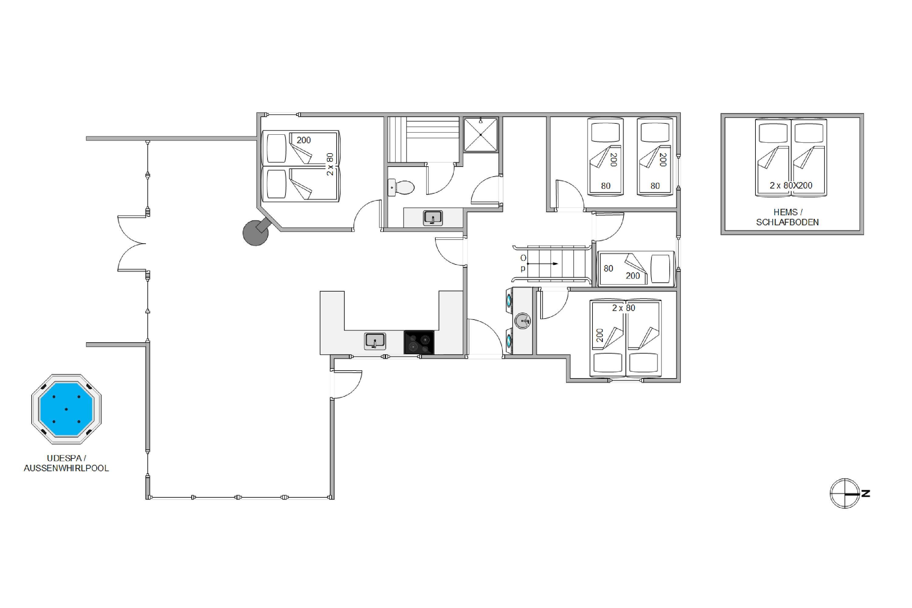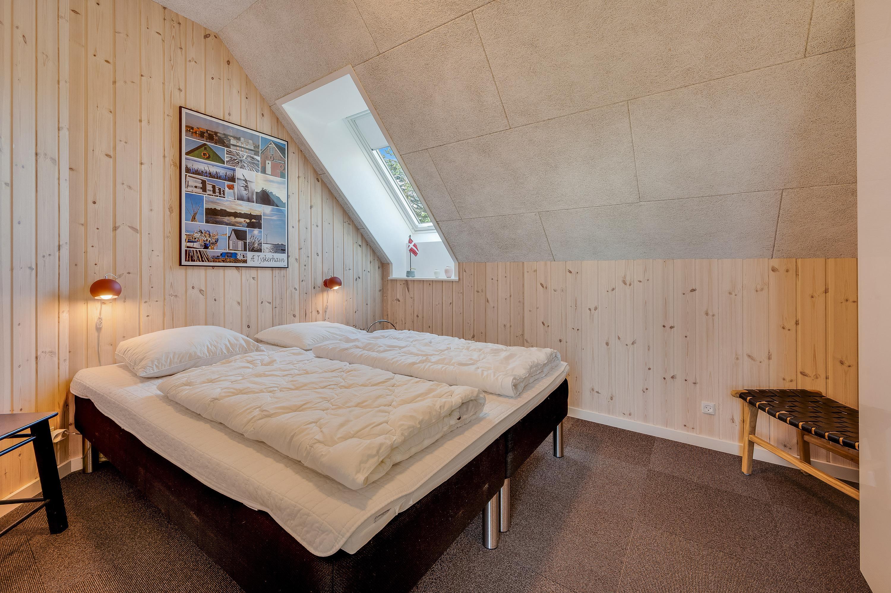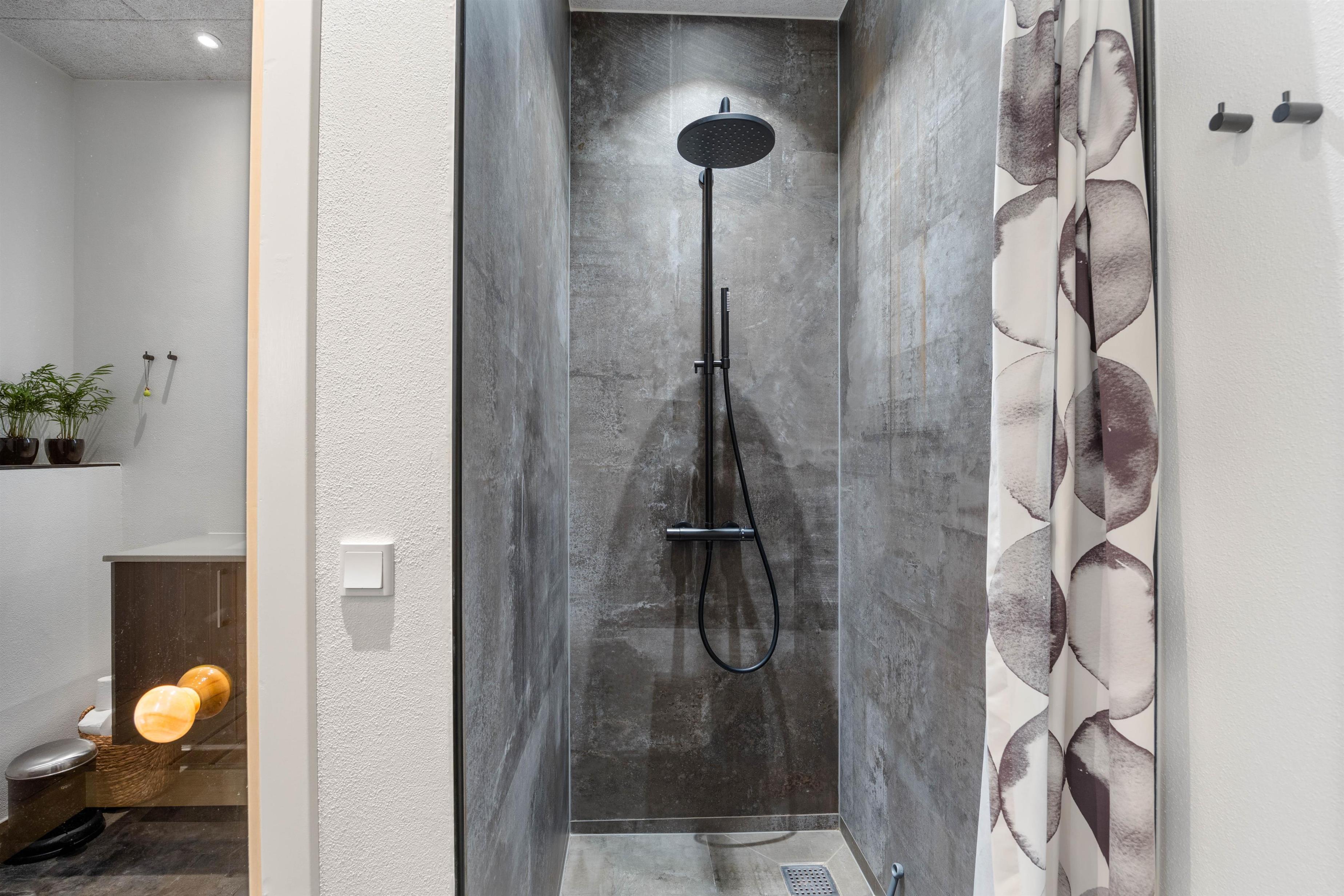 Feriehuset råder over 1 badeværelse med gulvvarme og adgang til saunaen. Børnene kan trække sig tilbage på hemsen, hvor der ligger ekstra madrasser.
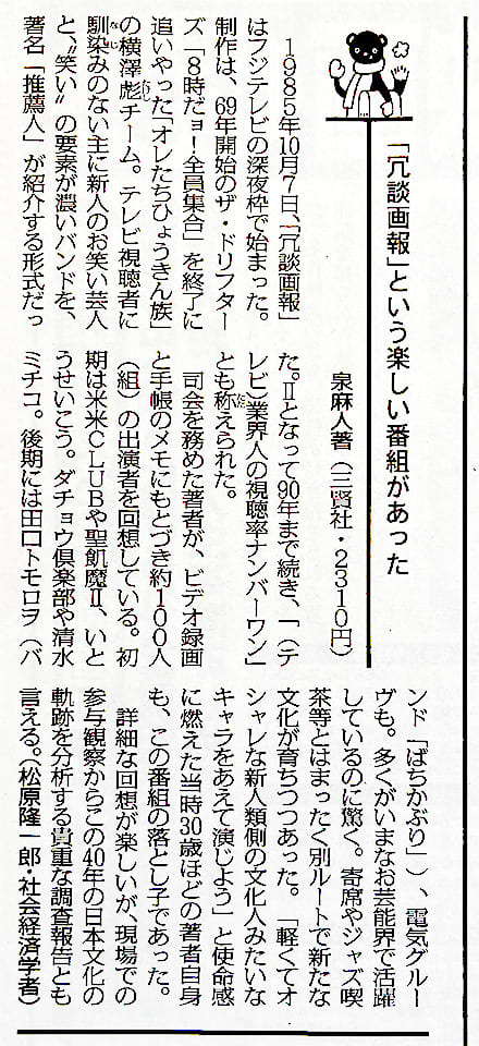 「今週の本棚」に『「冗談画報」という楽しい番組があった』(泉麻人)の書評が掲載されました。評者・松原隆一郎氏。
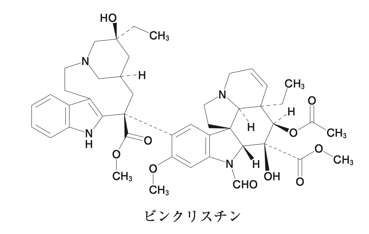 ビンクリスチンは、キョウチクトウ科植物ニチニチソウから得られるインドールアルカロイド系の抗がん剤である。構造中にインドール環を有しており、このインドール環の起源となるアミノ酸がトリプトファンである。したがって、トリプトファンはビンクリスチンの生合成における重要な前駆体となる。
----
• What you need to do:
Repeat the data above word for word, without pictures.

• Final answer:
 Feriehuset råder over 1 badeværelse med gulvvarme og adgang til saunaen. Børnene kan trække sig tilbage på hemsen, hvor der ligger ekstra madrasser.
 「今週の本棚」に『「冗談画報」という楽しい番組があった』(泉麻人)の書評が掲載されました。評者・松原隆一郎氏。
 ビンクリスチンは、キョウチクトウ科植物ニチニチソウから得られるインドールアルカロイド系の抗がん剤である。構造中にインドール環を有しており、このインドール環の起源となるアミノ酸がトリプトファンである。したがって、トリプトファンはビンクリスチンの生合成における重要な前駆体となる。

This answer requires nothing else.